> **What is expected**: When you return the lines below, go from the first through the line with "female scientist arranging", keep them exact, and leave out every picture.

> **Provided data**:
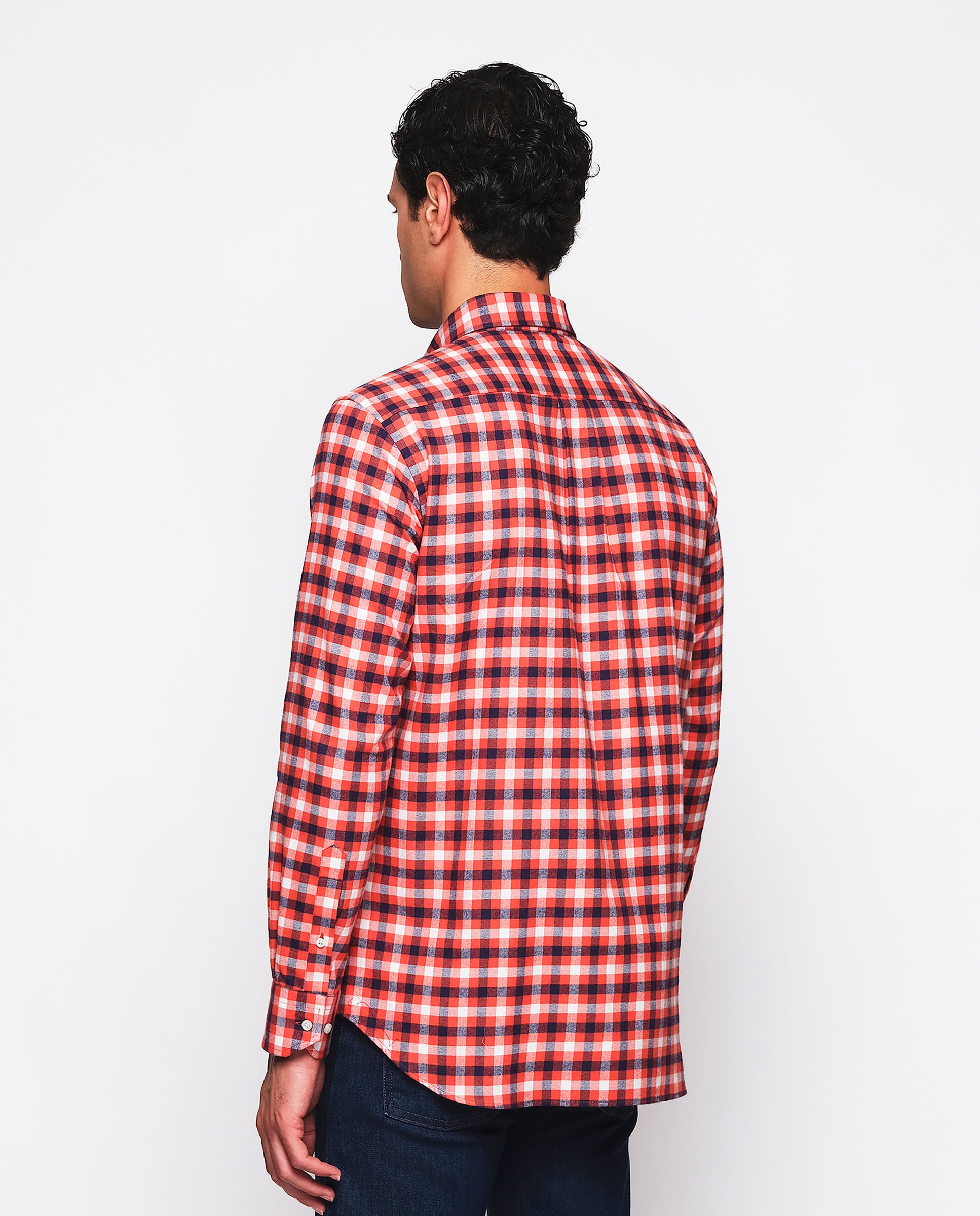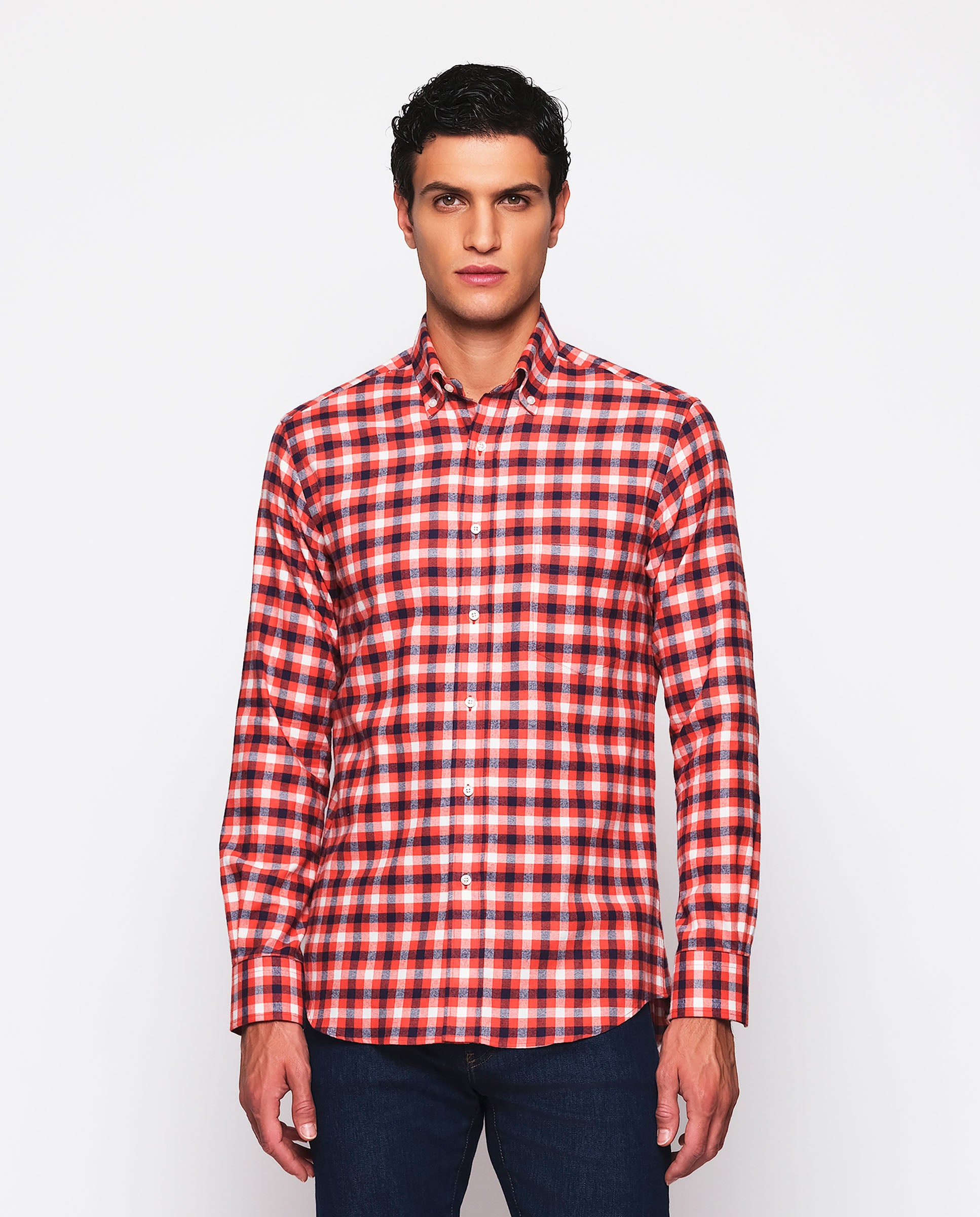 Camisa casual de cuadros 100% algodón de franela, cuello con botones, bolsillo en pecho, manga larga, puño con doble botón, classic fit. Apuesta por la franela e ilumina la temporada con la alegría de colores tartán.
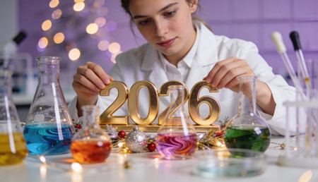female scientist arranging 2026 numbers in festive laboratory setting with colorful chemical solutions and holiday decorations.
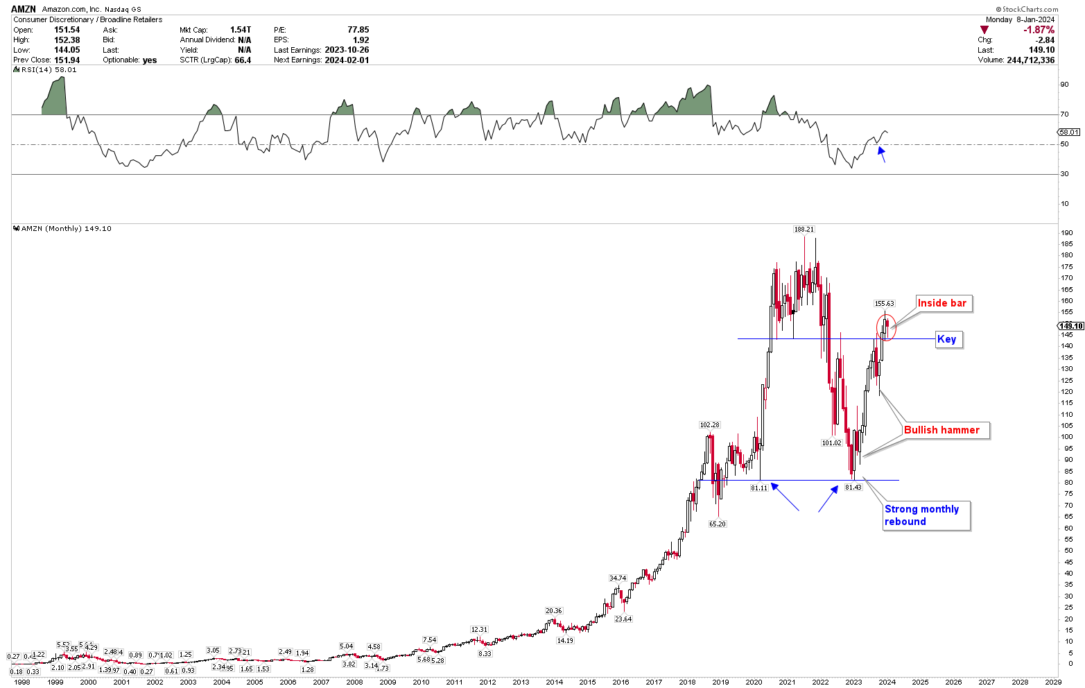 Amazon Monthly Chart (stockcharts.com)

> **Answer to this problem**:
 Camisa casual de cuadros 100% algodón de franela, cuello con botones, bolsillo en pecho, manga larga, puño con doble botón, classic fit. Apuesta por la franela e ilumina la temporada con la alegría de colores tartán.
female scientist arranging 2026 numbers in festive laboratory setting with colorful chemical solutions and holiday decorations.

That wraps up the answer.